Hello, I must confess to being a big fan of your blog. May I ask a question that has been on my mind (unfortunately not really related to your current blog post). I am an Anglo Catholic but have become impressed by a lot of Eastern Orthodox thought. However, one question that has been bothering me is that for large periods of western history (say during the Middle Ages) people were completely cut off from this form of Christianity purely based on geography. Does it bother you slightly that those people only really had access to one form of Latin Christianity and were deprived of Orthodoxy?
ReplyDeleteHello, Peter!
ReplyDeleteWelcome to the blog! Always glad to hear from followers of the blog here, and I apologise that it's been a full eight days since I've gotten back to you on this.

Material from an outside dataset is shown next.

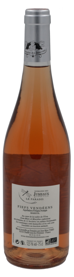 Un p’tit coin de Paradis contre un coin d’parapluie (en Vendée !), ce vin a quelque chose d’un ange… et vous n’perdrez pas au change pardi !! Cet air de Brassens nous trotte dans la tête avec ce paradis-là !! Lui qui disait que “le meilleur vin n’est pas nécessairement le plus cher mais celui qu’on partage”, il aurait pu faire allusion à ce magnifique rosé de repas que nous propose Jean-Marc Tard, bio et naturel : la dominante de pinot noir apporte de la structure, de la finesse et de la fraîcheur, le gamay un fruit gourmand.

To be honest, it does bother me a bit that so much of the West didn't have a lot of access to the wisdom of the Christian East for so long. But there were bits and pieces that trickled through, even down to the present! During the pre-Schismatic era, Greek, Syriac and Ægyptian forms of spiritual life were not unknown to the Church in England - through saints like Hadrian, Gúðlác, Theodore of Tarsus and Bede himself of course.
And more recently, I would say that English spirituality and Anglo-Catholicism in particular were shaped by a ressourcement of Greek Patristic thought - in particular that of Dr Lancelot Andrewes. Reading an Orthodox biography of that English churchman was a fascinating exercise!